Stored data
---+---

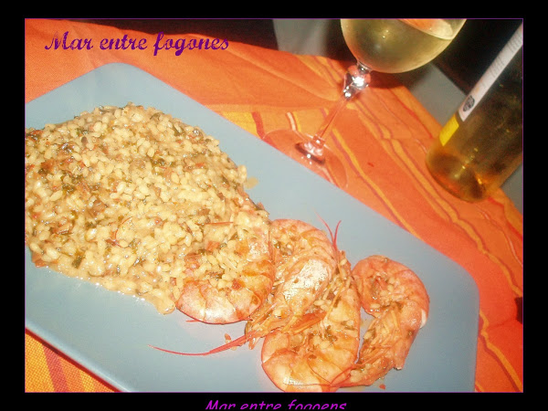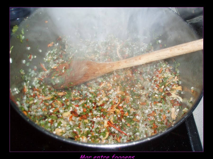 En el aceite de hacer los gambones añadimos el paquete de risotto.
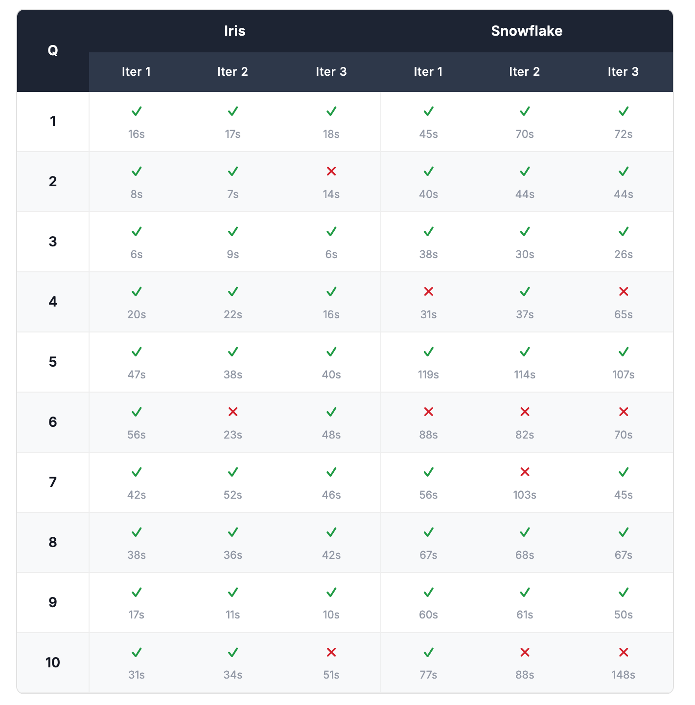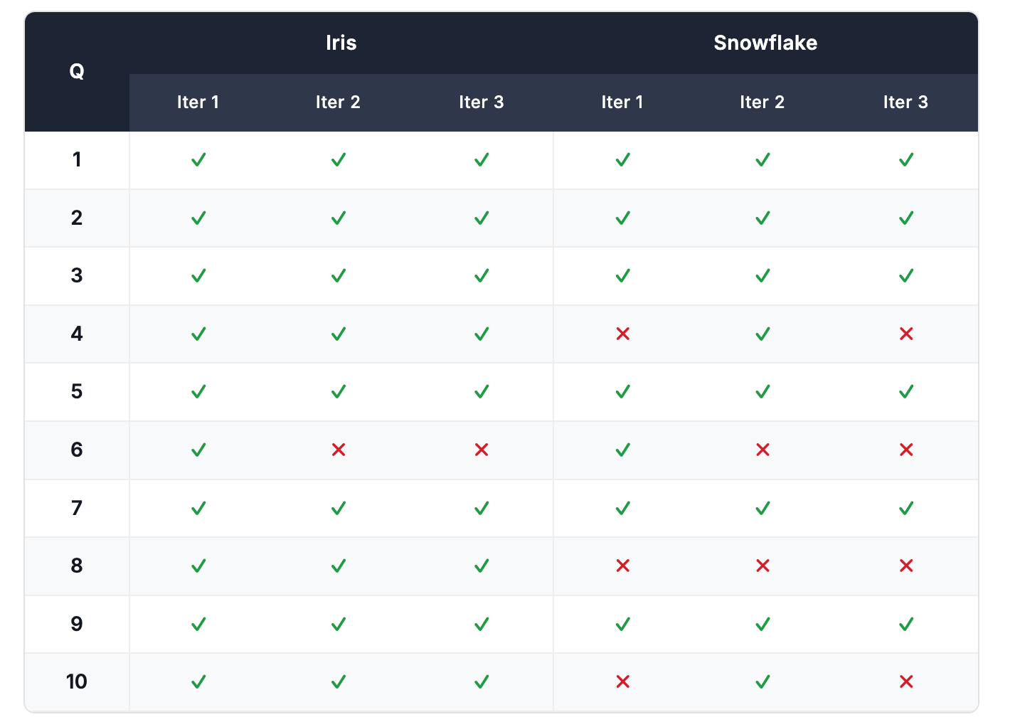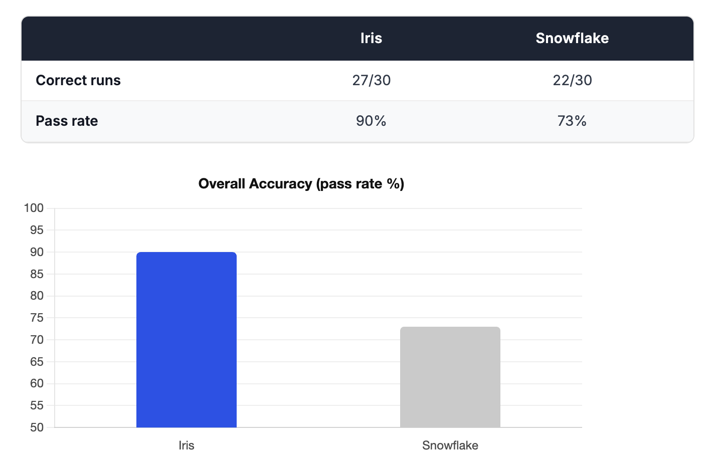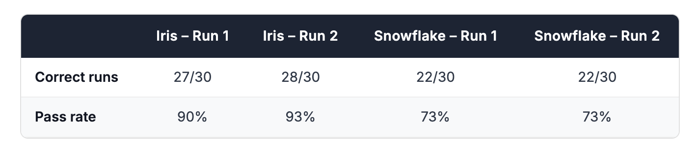 The overall scores held. Snowflake scored exactly 22/30 in both runs. Iris scored 27/30 in Run 1 and 28/30 in Run 2 — a consistent 90%+ pass rate in both cases.
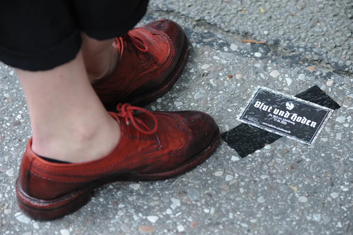 Einige Hundert Meter weiter erinnert eine Performance in einem Hinterhof an Frauen, die gewaltsam sterben mussten. Sie stammten aus Iran, Afghanistan, Mexiko, Kolumbien. Ihre Portrait-Bilder liegen auf dem Boden, um eine große Vulva aus Erde herum, geschmückt mit Blumen und Früchten. „Wenn du eine von uns angreifst, greifst du alle an“, heißt es in einem Video, das davor abgespielt wird. Während die Teilnehmerinnen Konfetti auf die Vulva streuen und diese später mit Rotwein begossen wird, schaut ein weißer junger Mann neugierig aus seinem Fenster auf den angrenzenden Innenhof.
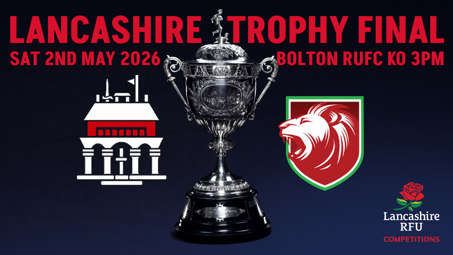 Congratulations to the 2026 Lancashire Senior Cup Competition Finalists. The Brian Leigh Lancashire Trophy Final will be played this Saturday. Dates and detials for the John Burgess Lancashire Cup Final and the Lancashire Plate Final are still to be confirmed as the availabilty of finalist teams is yet be determined due to their involvement in National Cup Competitions.
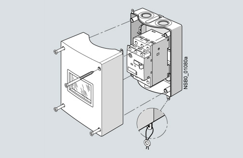 При силовом автоматическом выключателе типоразмера SOO управление осуществляется через мембрану корпуса. На мембрану может быть надета крышка, которая может быть закрыта на 3 замка для предотвращения включения силового автоматического выключателя, например, при работах по обслуживанию.
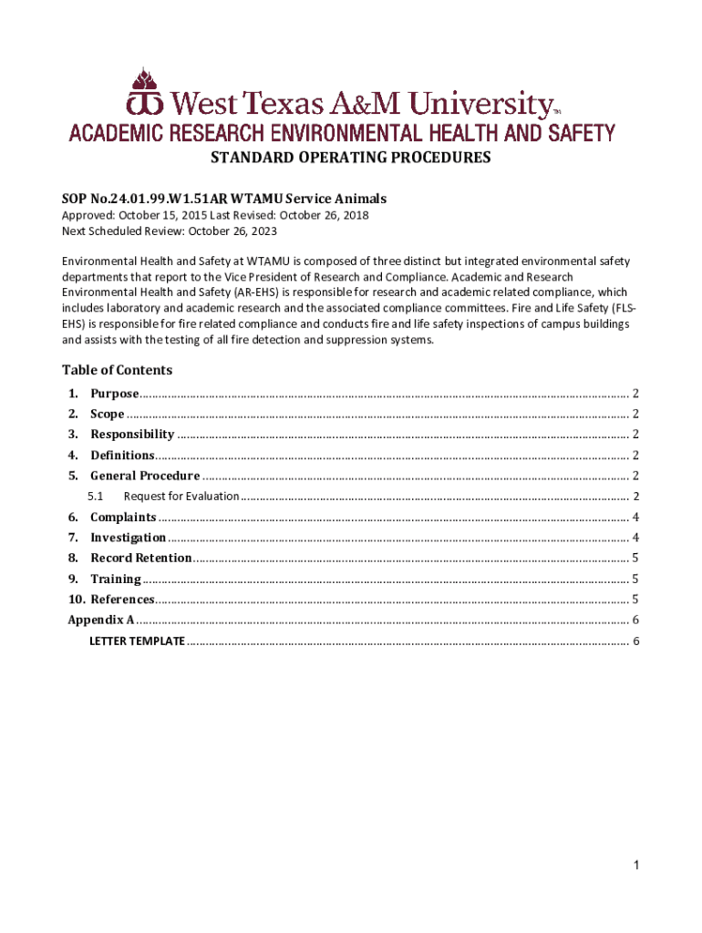 STANDARD OPERATING PROCEDURES SOP No.24.01.99. W1.51AR WT AMU Service Animals Approved: October 15, 2015, Last Revised: October 26, 2018, Next Scheduled Review: October 26, 2023Environmental Health
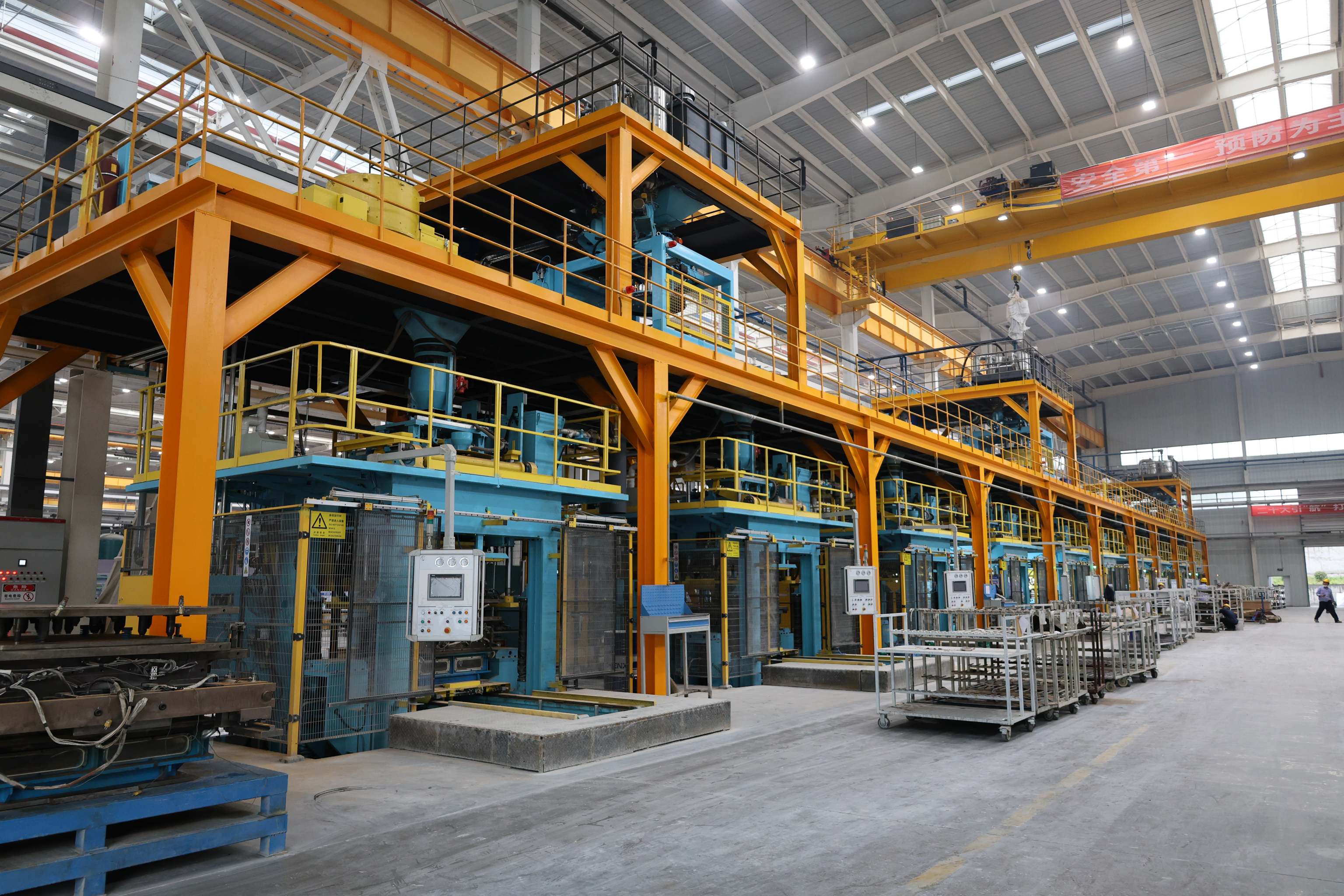 整個生產過程采用信息化追溯管理系統,產品通過二維碼對全過程進行信息跟蹤并記錄。同時還擁有多條各類自動化生產線(如澆注自動化生產線、后處理自動化生產線、總裝自動化生產線等)。其中澆注線具備自動澆注、取件、打碼功能;后處理線可進行自動化冷卻、振砂、切邊切澆冒口等作業;探傷(ADR)具備自動識別鑄件缺陷功能,提升了檢測效率。

---+---

#### Task prompt
Your answer must be the records above, word for word, with no pictures.

#### Solved exercise
 En el aceite de hacer los gambones añadimos el paquete de risotto.
 The overall scores held. Snowflake scored exactly 22/30 in both runs. Iris scored 27/30 in Run 1 and 28/30 in Run 2 — a consistent 90%+ pass rate in both cases.
 Einige Hundert Meter weiter erinnert eine Performance in einem Hinterhof an Frauen, die gewaltsam sterben mussten. Sie stammten aus Iran, Afghanistan, Mexiko, Kolumbien. Ihre Portrait-Bilder liegen auf dem Boden, um eine große Vulva aus Erde herum, geschmückt mit Blumen und Früchten. „Wenn du eine von uns angreifst, greifst du alle an“, heißt es in einem Video, das davor abgespielt wird. Während die Teilnehmerinnen Konfetti auf die Vulva streuen und diese später mit Rotwein begossen wird, schaut ein weißer junger Mann neugierig aus seinem Fenster auf den angrenzenden Innenhof.
 Congratulations to the 2026 Lancashire Senior Cup Competition Finalists. The Brian Leigh Lancashire Trophy Final will be played this Saturday. Dates and detials for the John Burgess Lancashire Cup Final and the Lancashire Plate Final are still to be confirmed as the availabilty of finalist teams is yet be determined due to their involvement in National Cup Competitions.
 При силовом автоматическом выключателе типоразмера SOO управление осуществляется через мембрану корпуса. На мембрану может быть надета крышка, которая может быть закрыта на 3 замка для предотвращения включения силового автоматического выключателя, например, при работах по обслуживанию.
 STANDARD OPERATING PROCEDURES SOP No.24.01.99. W1.51AR WT AMU Service Animals Approved: October 15, 2015, Last Revised: October 26, 2018, Next Scheduled Review: October 26, 2023Environmental Health
 整個生產過程采用信息化追溯管理系統,產品通過二維碼對全過程進行信息跟蹤并記錄。同時還擁有多條各類自動化生產線(如澆注自動化生產線、后處理自動化生產線、總裝自動化生產線等)。其中澆注線具備自動澆注、取件、打碼功能;后處理線可進行自動化冷卻、振砂、切邊切澆冒口等作業;探傷(ADR)具備自動識別鑄件缺陷功能,提升了檢測效率。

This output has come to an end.